TASK DIRECTIONS: Lines before the one containing "El conductor le" are not wanted; restate the rest below word for word, through the last line, but drop any pictures.

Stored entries
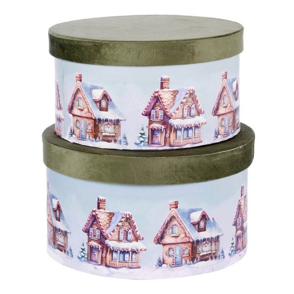 ΚΟΥΤΙ Set/2 ΣΤΡΟΓΓΥΛΟ ΠΡΑΣΙΝΟ ΒΕΛΟΥΔΟ ΓΑΛΑΖΙΟ ΜΕ ΜΕ ΣΠΙΤΙΑ D25-Η14,5cm, D27,5-H16cm
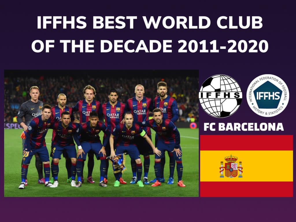Es la segunda ocasión consecutiva que los catalanes obtienen esta distinción, también fueron nombrados el mejor club de la década del 2001 al 2010.
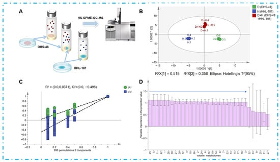 (A) DHS-48 and HHL-101 (mono-culture and co-culture) were cultivated directly in SPME bottles, and the volatile fraction was analyzed directly using headspace GC-MS; (B) the OPLS-DA score plot for volatiles of DHS-48 and HHL-101 for mono-culture and co-cultures (green spheres represent DHS-48 cultured alone, blue spheres represent HHL-101 cultured alone, red spheres represent DHS-48 co-cultured with HHL-101); (C) permutation test plot; (D) VIP value chart of volatile components in volatiles for mono-culture and co-culture of DHS-48 and HHL-101 (VIP values are provided in Table S5).
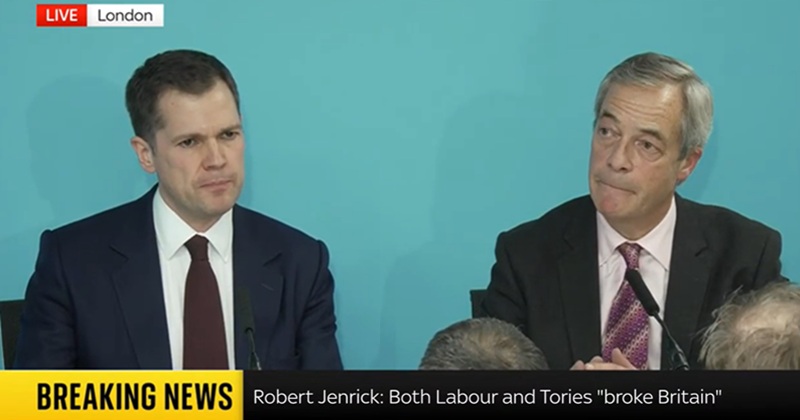 Nigel Farage is currently unveiling Robert Jenrick as a defector at his 430 press conference.
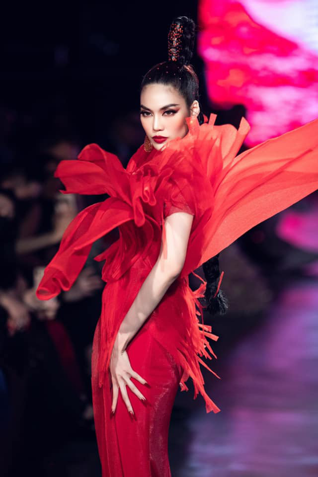 Người đẹp chinh phục sàn diễn với bộ váy gam màu đỏ rực cùng thần thái 'vạn người mê' của mình.
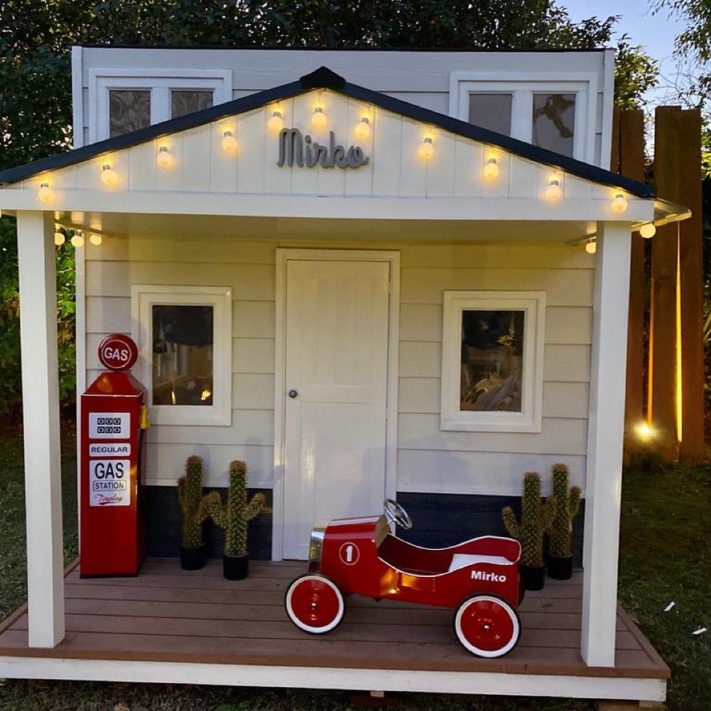 El conductor le regaló a su hijo una casa de juegos. Es oficial: Mirko ya es propietario, pequeño amo y señor de una mini mansión con estilo americano.
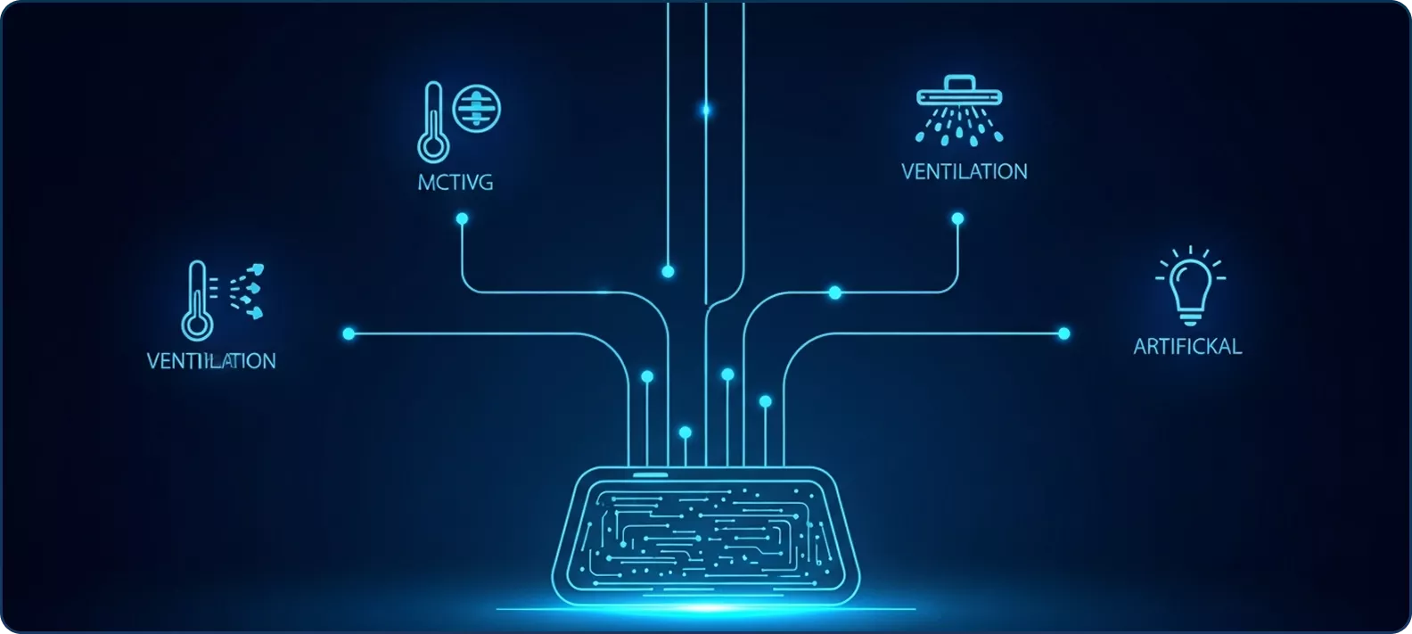 سیستمهای کنترل محیطیسیستمهایی که با دریافت دادهها از حسگرها، میتوانند بهطور خودکار دما، تهویه، میزان نور مصنوعی و حتی مهپاشها را تنظیم کنند.

OUTPUT OF THE EXERCISE:
 El conductor le regaló a su hijo una casa de juegos. Es oficial: Mirko ya es propietario, pequeño amo y señor de una mini mansión con estilo americano.
 سیستمهای کنترل محیطیسیستمهایی که با دریافت دادهها از حسگرها، میتوانند بهطور خودکار دما، تهویه، میزان نور مصنوعی و حتی مهپاشها را تنظیم کنند.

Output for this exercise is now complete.